1. (6 points) Linear spline (linear interpolation)
   1. Implement a function that interpolates the given tabulated function, {x[i], y[i]}, at a given point z using linear spline interpolation.

      You can use either arrays, or gsl_vector's (or gsl_matrix) to keep your tabulated data. Depending on that the signature of your function might be something like

      double linterp(int n, double x[], double y[], double z);
      double linterp(gsl_vector x, gsl_vector y, double z);
      double linterp(gsl_matrix xy, double z);
      

      The function must first find (by binary search) the interval where z is located, x[i]≤z≤x[i+1], and then calculate the interpolated value using linear spline,

      double slope=(y[i+1]-y[i])/(x[i+1]-x[i]);
      double value=y[i]+slope*(z-x[i]);
      return value;
      	

   2. Implement a function that calculates the intergral of the linear spline of the tabulated data from the point x[0] to the given point z. The integral must be calculated analytically,

      ∫dx (yi+pi(x-xi)) = yi(x-xi)+pi(x-xi)2/2 + const .
      

      The signature could be something like

      double linterp_integ(gsl_vector x, gsl_vector y, double z);
      

   3. Make some indicative plots to prove that your linear spline and your integrator work as intended. Compare with GSL's [gsl_interp_linear] and [gsl_interp_eval_integ] (see this example: "gsl_interp").
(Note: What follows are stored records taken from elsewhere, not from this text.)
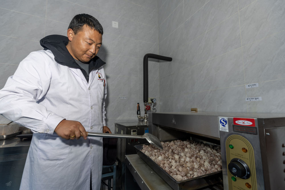 村民索朗美朵自公司成立起就在此工作,是一名包裝工,“有了穩(wěn)定收入,還能照顧家庭,明年準備重建房子”。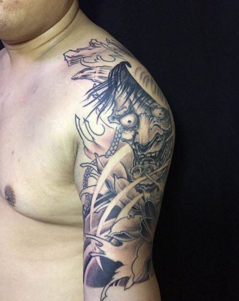 当前位置: 首页 >辽宁省营口市纹身店-80_MD_tattoo纹身图案>般若鲤鱼半甲一半纹身图片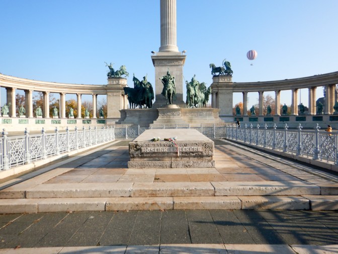 At the front of the monument is the Memorial Stone of Heroes (Hősök emlékköve), a large stone cenotaph surrounded by ornamental iron railings, providing a tribute to those who died defendinding the borders of Hungary. There aren’t any human remains interred but just an artesian well which provides water for the Széchenyi and Dagály thermal baths.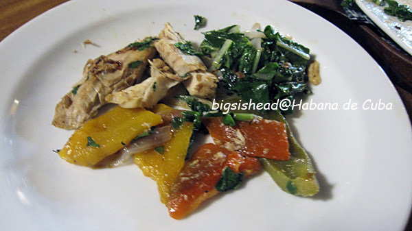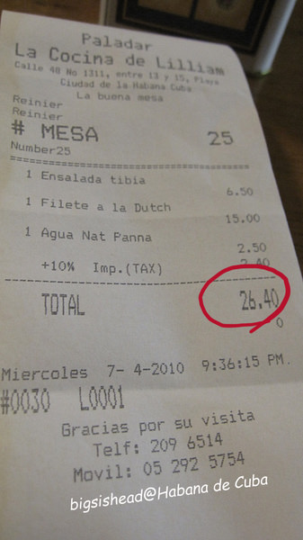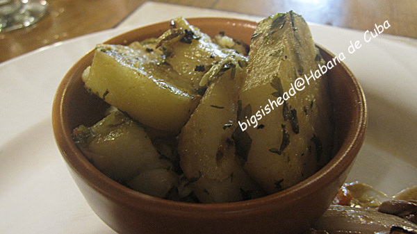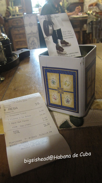 這家餐點很好吃,值得推薦,店裡很多是預約客,感覺大家都熟門熟路的。剛剛說可能是遊走法律的邊緣是因為古巴政府規定私人餐館不能超過四張桌子,但這間的桌子大約有14張吧!而且一般都會先預約,因為生意很好,東西好吃,服務到位,只是價格比較高一些。但我們在古巴哈瓦那餓了好幾天,要離開哈瓦那之前終於吃一頓稱得上是dinner的晚餐也不為過啦!(26.4CUC)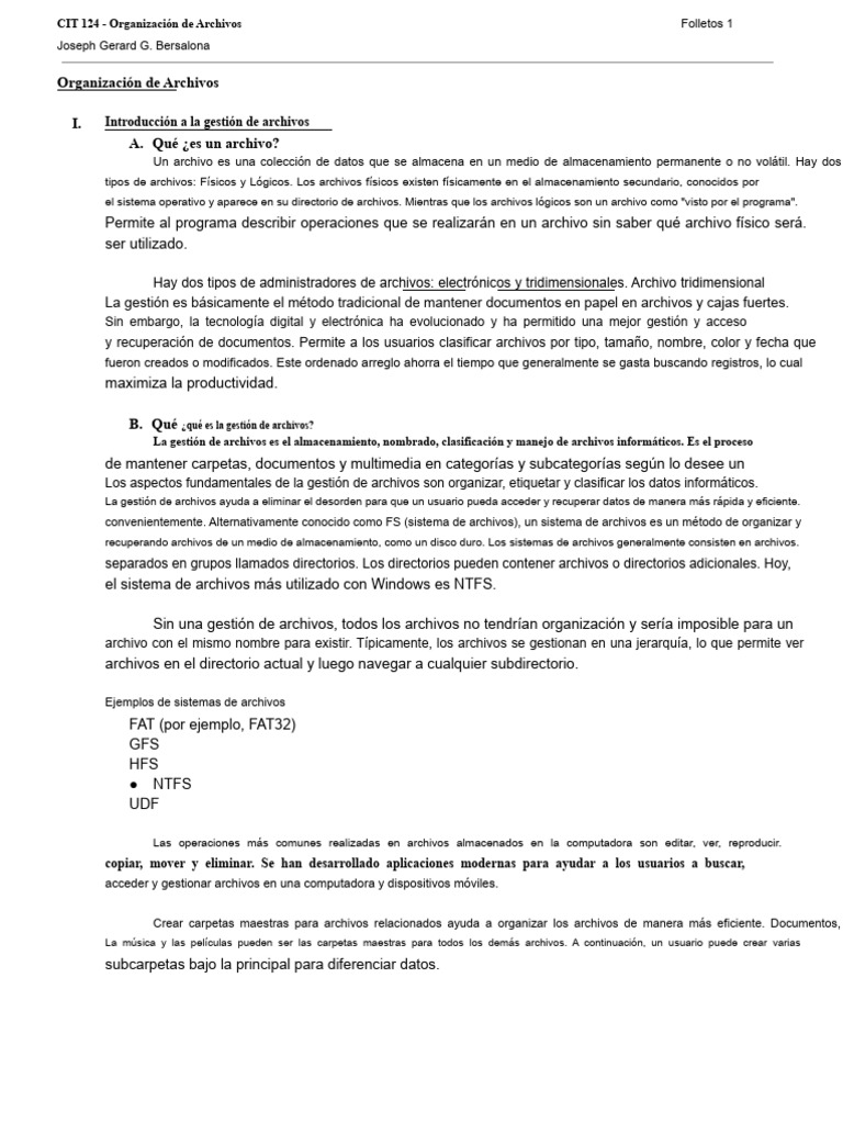 La gestión de archivos es el almacenamiento, nombrado, clasificación y manejo de archivos informáticos. Es el proceso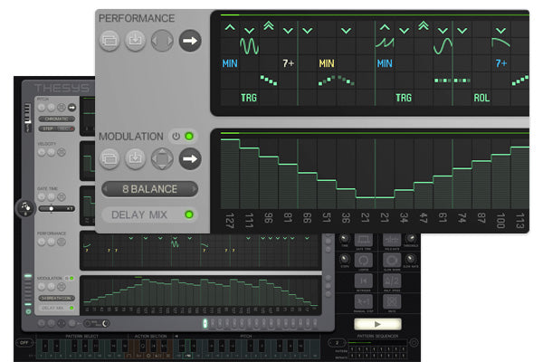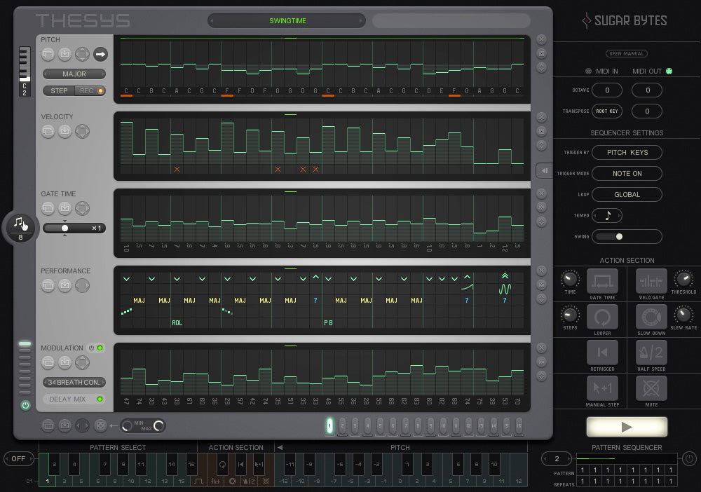 Se pueden crear hasta 16 patrones completos dentro de un solo proyecto. Pueden ser secuenciados dentro del Secuenciador de Patrones (abajo a la derecha) o activados a través del Teclado (configurado en "Tono"), donde se utiliza toda la longitud del teclado para transponer el patrón actual. Cambia a "Rendimiento" y el teclado se divide en 3 zonas: Selección de Patrón, Sección de Acción y un Rango para transposición de tono.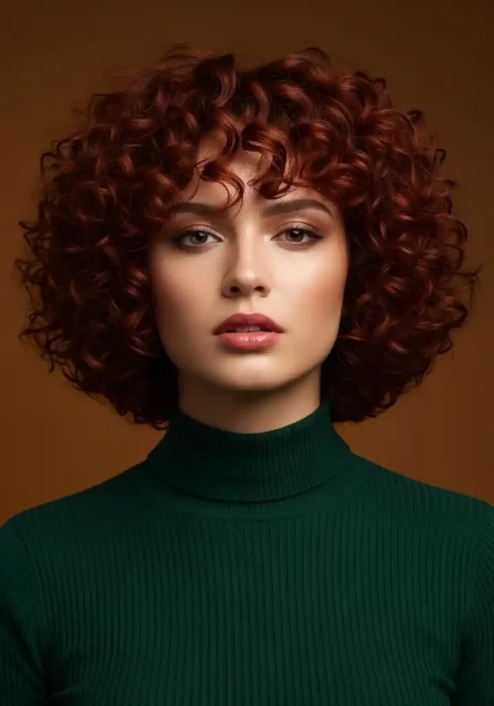 A curly bob on natural auburn or red curly hair creates one of the most specifically warm and most genuinely vivid color-and-texture combinations available in the curly bob family — the warm copper and red tones within natural red hair create an extraordinary shimmer and warmth within each individual spiral that makes the curly bob appear genuinely lit from within with a specific fiery warmth. In warm natural light, the red and copper tones in the curls ignite with a brilliance that is absolutely unique to natural red curly hair.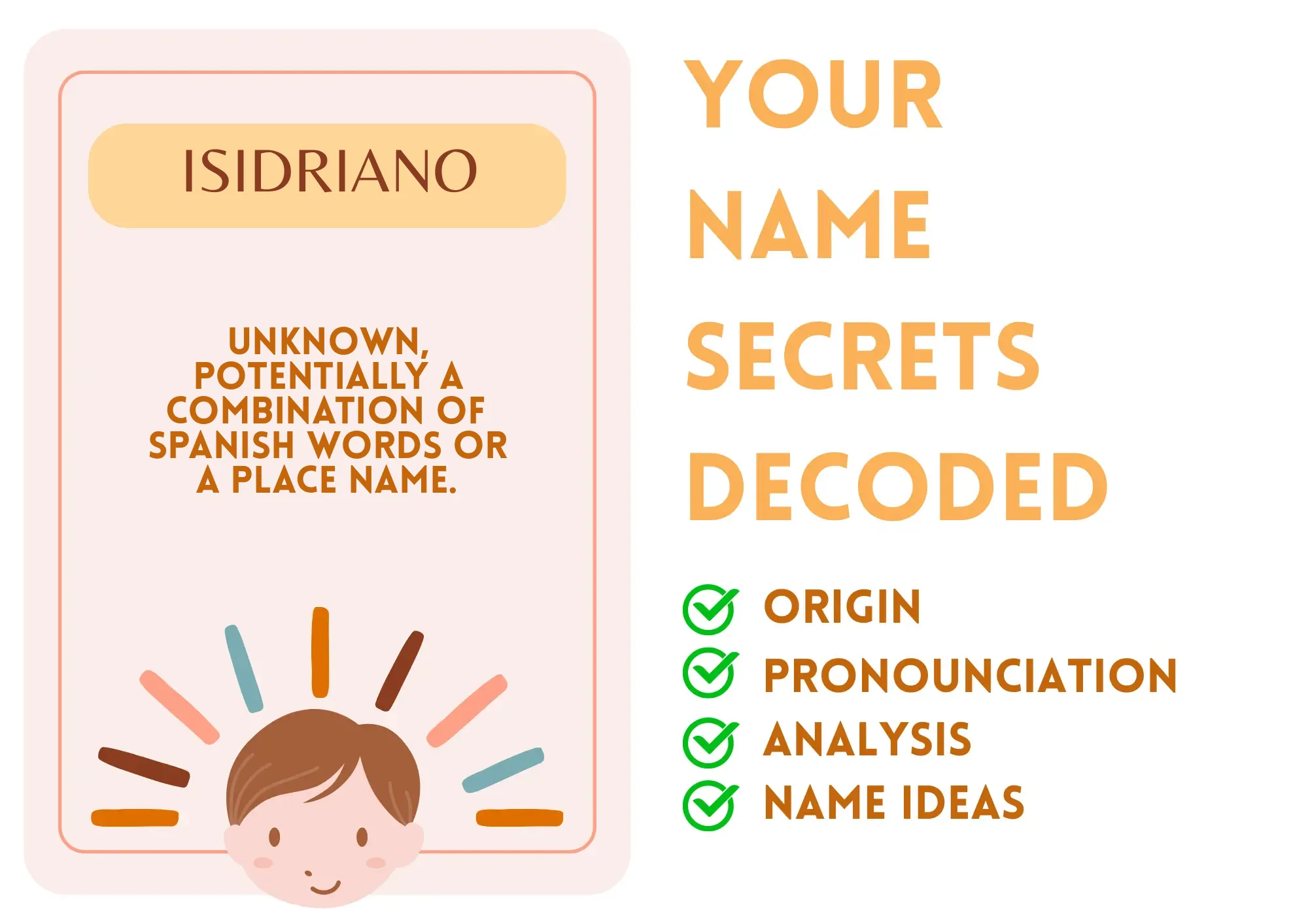 Origin: The name Isidriano has Spanish origins, possibly stemming from a combination of Spanish words or a local place name.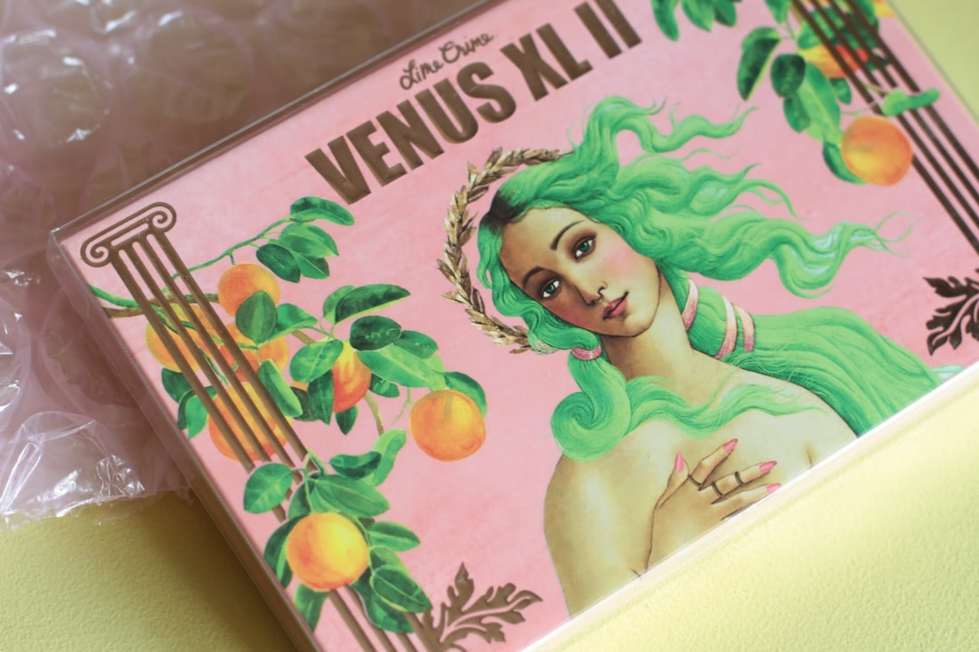 Упаковка теней Lime Crime выполнена из картона, все сделано очень качественно, не придраться. Как и вторая палетка Lime Crime Venus II, эта палитра также украшена узнаваемой Венерой, сотворенной Боттичелли, но в осовремененном варианте – макияж, цветные волосы и маникюр. Смело, модно и дерзко.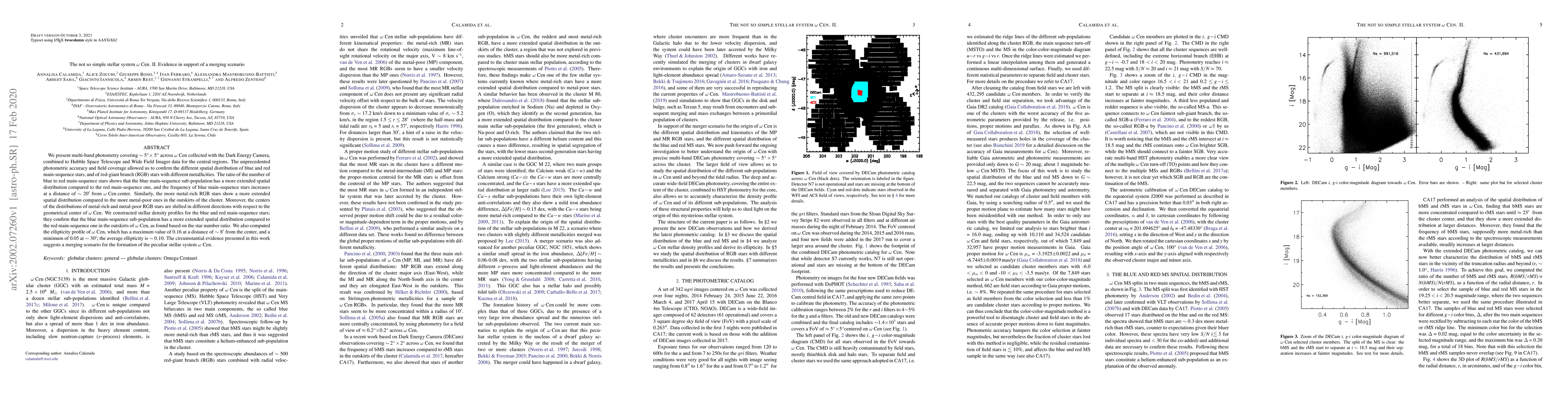 This paper uses multi-band photometry from the Dark Energy Camera, Hubble Space Telescope, and Wide Field Imager to analyze the spatial distribution of stars in Omega Centauri. It finds that blue and red main-sequence stars, as well as red-giant branch stars with different metallicities, have distinct spatial distributions, supporting a merging scenario for the formation of Omega Centauri.

   4. Location of the index i of the interval containing z, x[i]<z<x[i+1], must(!) be done using binary search, like this:

      int binsearch(int n, double* x, double z){/* locates the interval for z by bisection */ 
      	assert(n>1 && x[0]<=z && z<=x[n-1]);
      	int i=0, j=n-1;
      	while(j-i>1){
      		int mid=(i+j)/2;
      		if(z>x[mid]) i=mid; else j=mid;
      		}
      	return i;
      	}
      

2. (3 points) Quadratic spline

   Implement quadratic spline with derivative and integral. Make some illustrative plots.

   Note that quadratic splines should only be used for learning, for practical applications always use cubic splines instead.

   Hints:

   • When debugging your quadratic-spline routine you might consider the following data-sets,
     • {x_i=i, y_i=1} , i=1,...,5
     • {x_i=i, y_i=i} , i=1,...,5
     • {x_i=i, y_i=i²} , i=1,...,5
     Calculate manually the parameters {b_i, c_i} of the corresponding quadratic-splines, and compare the results with your quadratic-spline program.

3. (1 points) Cubic spline

   • Implement cubic spline with derivative and integral.

   • Compare with the cubic spline routines from GSL.